Treatment of sinus infections is based on the severity of your condition. In case of a mild infection, your treating physician may administer cold medications, antihistamines (allergy meds), use of nasal decongesting drugs, intake of excessive fluids, etc. If your condition is a milder one, these treatments may be more than adequate. However, if your condition does not change for more than a week, an advanced treatment plan is prescribed. In such instances, your physician may prescribe antimicrobial drugs, nasal sprays (which are often steroid-based), or rinsing your nasal cavities with saline water.

Use of antibiotics for treating sinusitis/sinus infections

Sinus infections are mostly caused by viral attacks. The viral strands that cause sinusitis are the same as those causing the common cold. Most antibiotics have a very limited / nil impact on viruses. Hence, intake of antibiotic or antibacterial drugs may run the risk of triggering several other discomforts. Moreover, intake of antibiotics when there is no bacterial attack can lead to antibiotic resistance; so, when there is indeed a bacterial attack, these drugs may turn ineffective (due to this resistance).

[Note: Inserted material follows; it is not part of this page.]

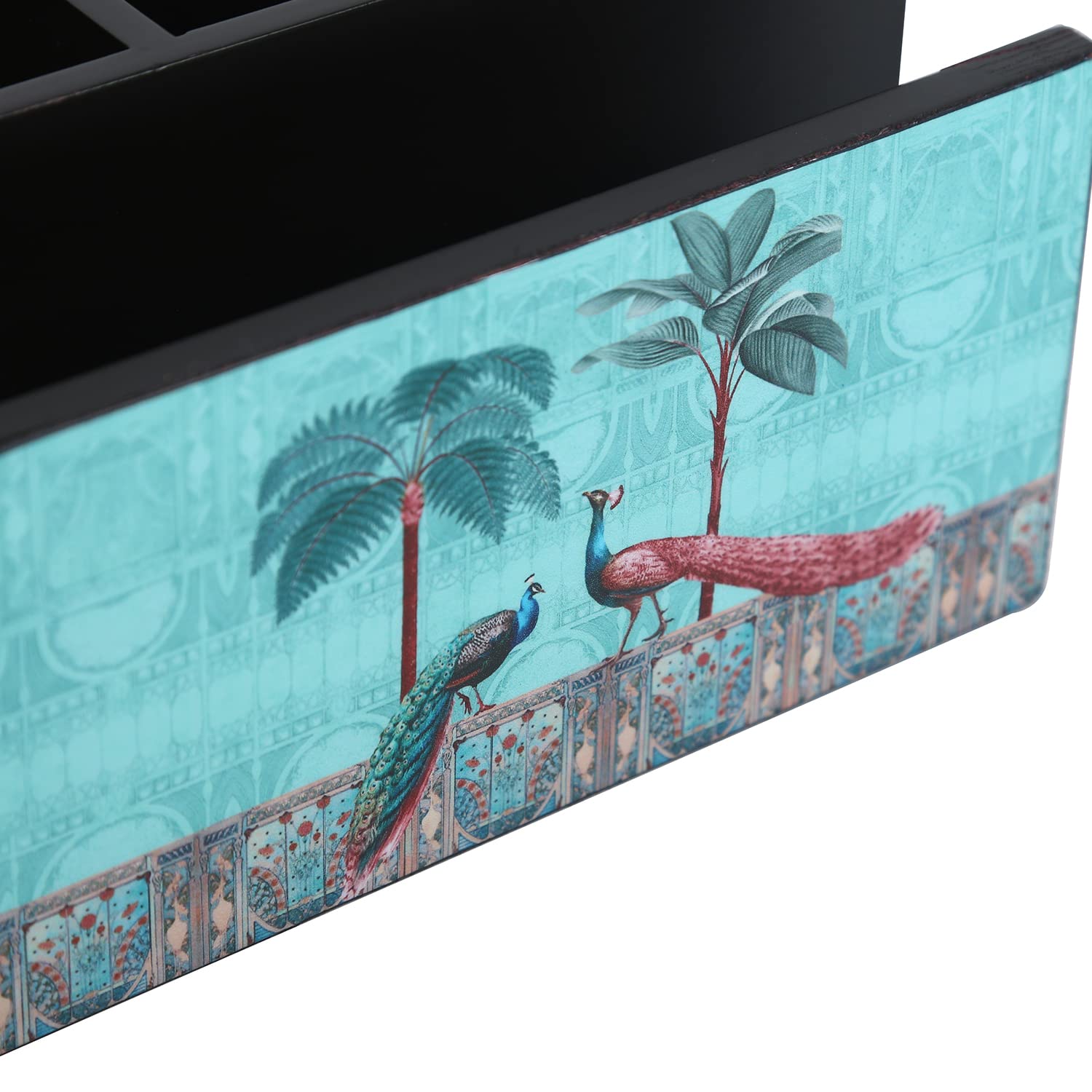 This wooden holder provides four separate sections to neatly store tissues in one area and cutlery, utensils or other small items in the remaining three sections.
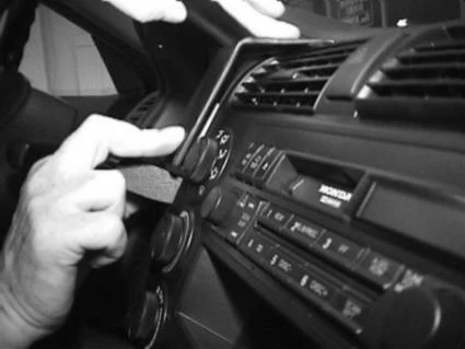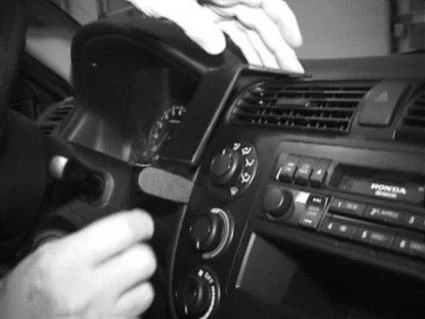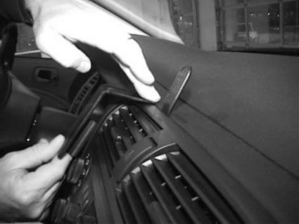 Press the thin end of the enclosed gap opener into the gap between the padded dashboard and the air vent panel frame to widen the gap. Peel off the cover of the adhesive tape on the ProClip. Press the angled edge on the upper part of the ProClip into the gap next to the gap opener. Adjust the ProClip so the vertical part on the lower part of the ProClip is positioned over the gap between the climate control and the padded dashboard edge. Pull out the gap opener.

Alternatively, you may find needful relief from facial massages, applying mild levels of pressure (known as acupressure), etc. In some cases, your caregiver may recommend sittings of acupuncture to obtain needful relief – this treatment plan is prescribed for treating chronic spells of sinusitis. For milder spells of sinusitis, you can use a warm / moderately hot compress (apply it on your forehead); you can also breathe into a steam-filled hot water bath. Ask your treating doctor about a few over-the-counter meds and store them at home.

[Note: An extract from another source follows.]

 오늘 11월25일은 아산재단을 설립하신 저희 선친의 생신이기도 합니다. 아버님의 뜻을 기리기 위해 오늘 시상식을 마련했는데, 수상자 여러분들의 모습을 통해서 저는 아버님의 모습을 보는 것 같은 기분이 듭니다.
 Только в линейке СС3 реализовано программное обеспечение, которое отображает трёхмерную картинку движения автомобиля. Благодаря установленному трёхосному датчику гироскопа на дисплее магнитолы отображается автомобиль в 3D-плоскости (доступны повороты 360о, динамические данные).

Among OTC meds, younger adults, as well as children, can take pain-killing meds such as acetaminophen or non-steroidal anti-inflammatory drugs (NSAIDs) such as ibuprofen and naproxen. You may try aspirin but not for those who already have conditions like Reye’s illness or syndrome. Children who have such a condition (when administered with aspirin) may witness impairment of their hepatic wellbeing as well as cerebral health. For adults, cough / cold meds are often taken to treat sinus infections. Always remember that children (those aged less than 5 years) may develop near-fatal outcomes upon taking cold or cough drugs. It is a safe practice to talk to your caregiving team about all possible options available under the OTC as well as prescription genre.

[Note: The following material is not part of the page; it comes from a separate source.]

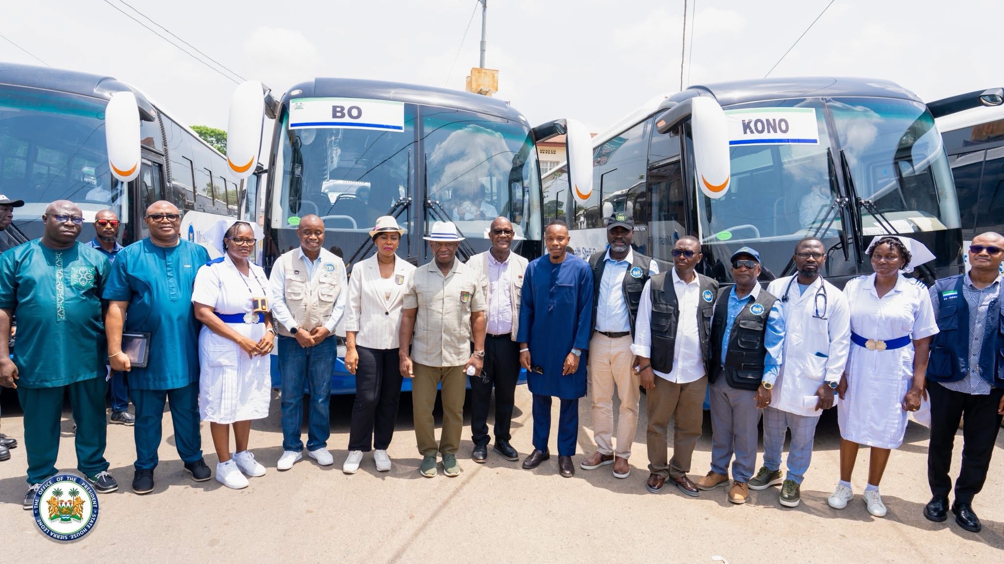 Sierra Leone President, Dr. Julius Maada Bio on Saturday, April 4, 2026, commissioned a fleet of buses, vehicles, and motorcycles for the health sector at the Bo Government Hospital, as part of efforts to improve healthcare service delivery across the country.

Last but not least, you can pursue preventive measures to keep sinus infections away. Standard good practices include washing your hands regularly, never getting too close to people who have breathing problems – especially, those with problems in their upper respiratory tract; giving up smoking, and keeping away from people who smoke (because secondhand smoke can be equally dangerous); better still, make use of a humidifier to keep the air at your home moist and fresh.

In sum, sinusitis is triggered by viruses, and not by bacterial strands. Antibiotics are known to have limited capabilities to treat viral attacks. Hence, antibiotics or antibacterial meds are not commonly used for treating sinus infections. The use of such meds can cause undesired side effects and may make your system become antibiotic-resistant. Ask your caregiver about the type of meds that are best suited to treat sinusitis. Children (aged 4 or above) may be given milder doses of non-steroidal anti-inflammatory drugs (NSAIDs) such as ibuprofen. In the case of adults, cold medications are prescribed.
It is a safe practice to consult with your physician about OTC and prescription options. Above all, wash your hands periodically and also keep a distance from people infected with a common cold or flu.